Jornalista lança obra sobre Teatro Sete de Abril

Deborah Cattani

Marcos Nagelstein/JC
Klécio Santos autografa hoje, na praça da Alfândega
Klécio Santos autografa hoje, na praça da Alfândega

Nascido em 1968, um ano marcante, Klécio Santos é conhecido na editoria de política e renomado por sua trajetória profissional. Há 14 anos morando em Brasília e investindo neste tipo de cobertura, Klécio não é apenas um repórter de redação. 

Há um ano atrás, ele decidiu deixar o jornalismo em segundo plano, para perseguir uma paixão antiga: escrever um livro cultural. O objeto de estudo não podia ser outro, o Teatro Sete de Abril, em Pelotas, onde ele iniciou a carreira. Sete de Abril – O teatro do imperador se concretizou e será lançado neste sábado (10), às 19h, na praça de autógrafos da 58º Feira do Livro de Porto Alegre.

O projeto não foi a toa, Klécio é especialista em patrimônio cultural pelo Instituto de Letras e Artes da Ufpel. Além disso, ele chegou a escrever, por um tempo, colunas de cinema. “Eu gostei muito, porque foi uma forma de escapar e me transportar para o século XIX, aquela época dos saraus, de grandes espetáculos”, comenta.

O Sete de Abril foi inaugurado em 1831, sendo o mais antigo do Rio Grande do Sul. O local em questão não é o inicial, pois o teatro teve duas casas. A primeira, durou até 1833 e hoje é um armazém no centro de Pelotas. A segunda, abriga o teatro até os dias atuais, apesar de estar fechado desde 2010, por problemas na infraestrutura. 

“Fui tentar resgatar um mito que estava esquecido. A publicação daria uma enciclopédia, tamanho o volume que eu encontrei de informações. Eu tive que fazer uma seleção”, explica Klécio. Ele diz que a importância do lugar foi posta de lado, principalmente pelo seu sucateamento. Essa é uma das razões que motivaram o jornalista a investir na pesquisa. “O teatro não tinha um livro que representasse seus 180 anos, apenas duas obras mais curtas e bem compiladas”, aponta.
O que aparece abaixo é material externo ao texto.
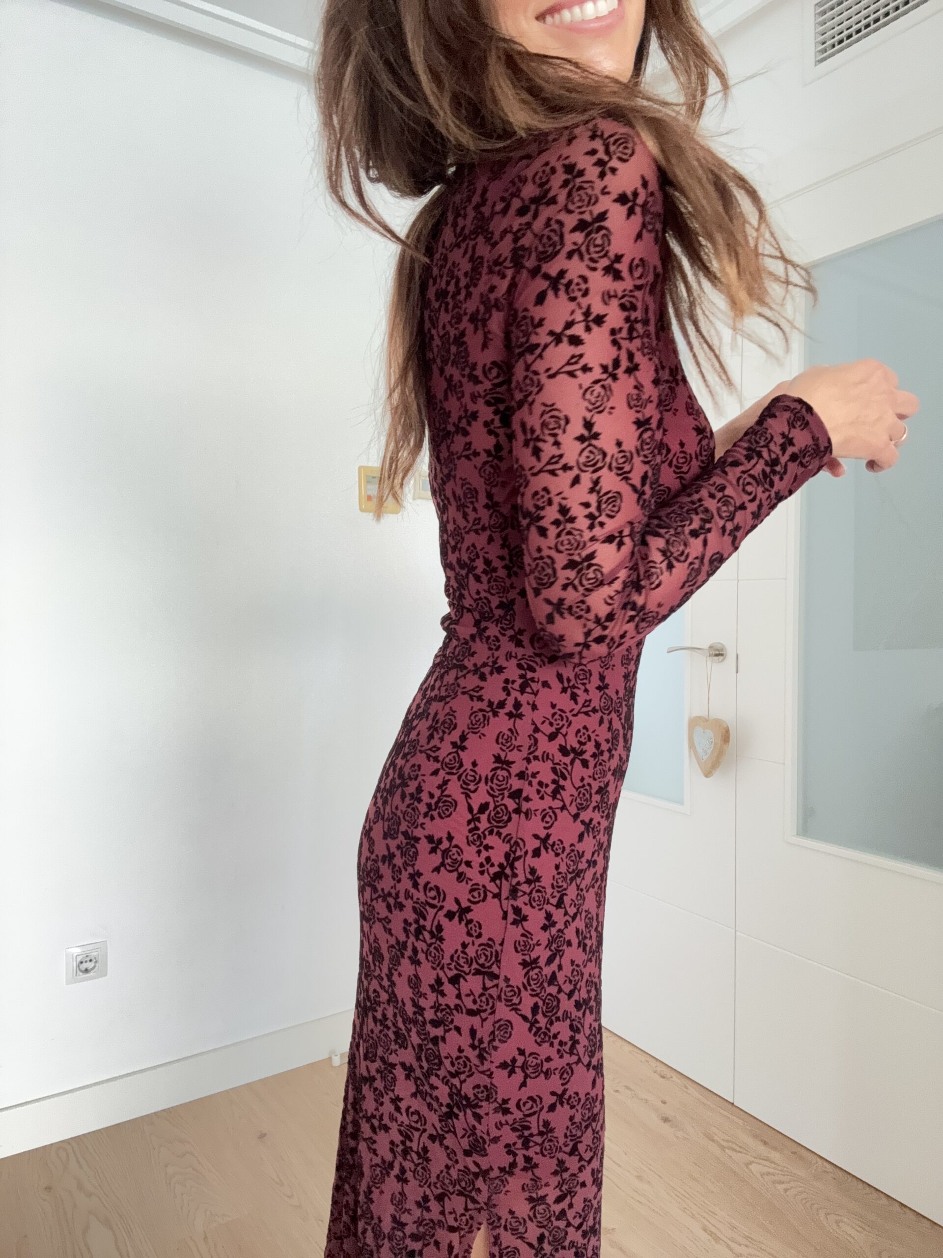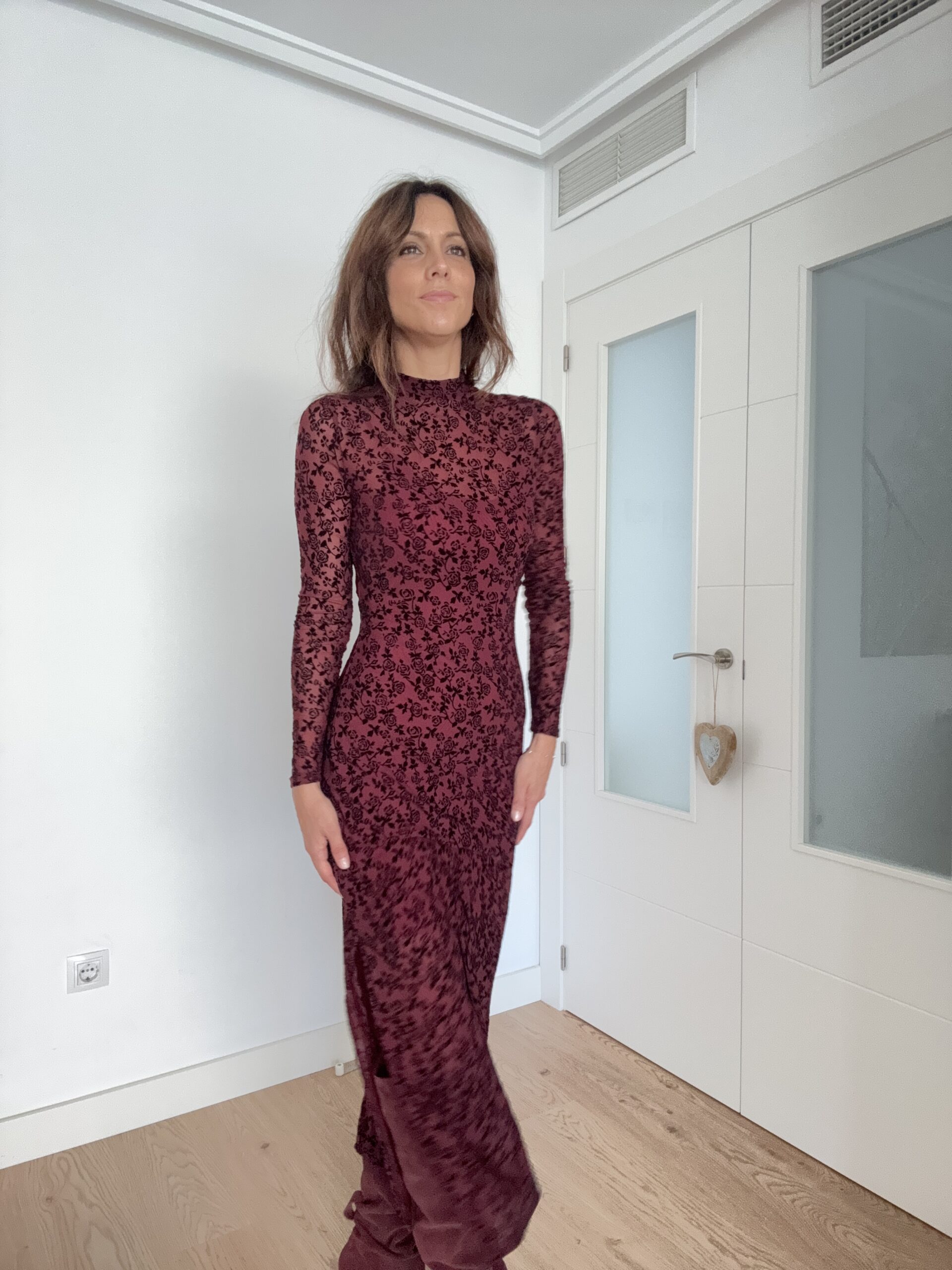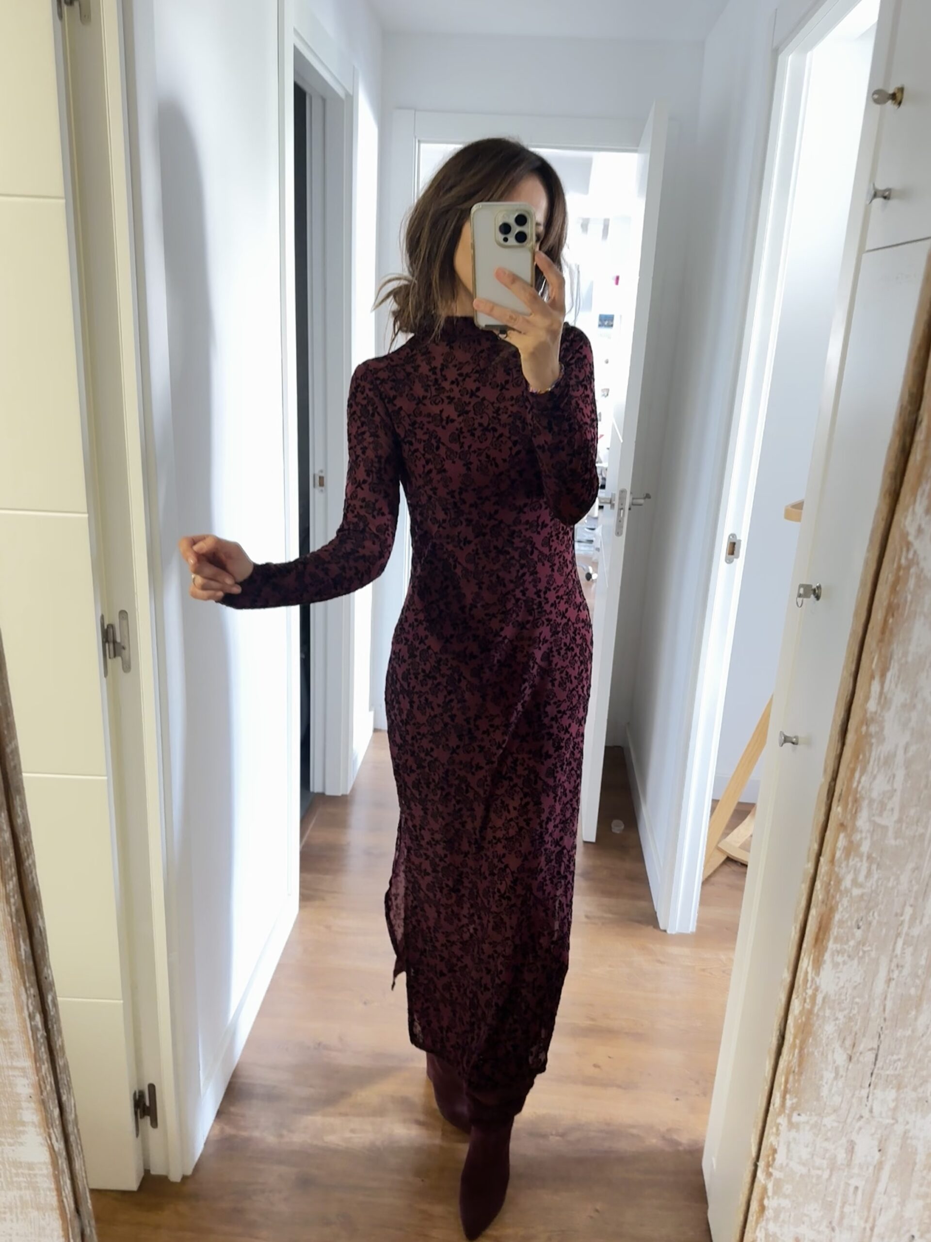 Un vestido que destaca por sus detalles aterciopelados y su tono burdeos profundo, pensado para mujeres que quieren sentirse especiales y estilizadas esta temporada.

A produção da obra não foi tarefa fácil, explica o escritor. Foi feito todo um resgate cronológico que começa desde a fundação. “Na época de pujança do ciclo do charque, aquela economia que transformou Pelotas na cidade mais importante do Estado e impulsionou a construção do teatro”, conta. Klécio revela que o nome do local foi uma homenagem a Dom Pedro II, trata-se do dia em que este herdou o trono de seu pai, Dom Pedro I.

O resgate ilustra uma obra iconograficamente diferenciada e um conteúdo saudosista. “A ideia era a gente tentar fazer com que o leitor também viajasse nesse tempo, por isso coletei as notícias dos primeiros bailes de carnaval, que começam 1849, além de ilustrações de Dom Pedro II de bombachas”, lembra Klécio. 
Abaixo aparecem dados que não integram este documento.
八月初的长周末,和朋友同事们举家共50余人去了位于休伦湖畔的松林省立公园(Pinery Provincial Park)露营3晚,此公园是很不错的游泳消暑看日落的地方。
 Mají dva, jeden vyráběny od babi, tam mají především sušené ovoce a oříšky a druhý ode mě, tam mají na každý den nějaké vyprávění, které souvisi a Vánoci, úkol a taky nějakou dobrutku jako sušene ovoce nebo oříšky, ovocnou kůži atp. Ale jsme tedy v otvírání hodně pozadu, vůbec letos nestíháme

O texto possui linguagem jornalística, pois como esclarece o autor: “Facilita a compreensão da história. Isso que eu acho bacana, não é um livro acadêmico, é uma obra narrada por um jornalista.” O livro serviu também de incentivo para que as pessoas pressionassem pela reabertura do Sete de Abril. Eduardo Leite, prefeito de Pelotas, anunciou recentemente uma verba que será usada na restauração do mesmo.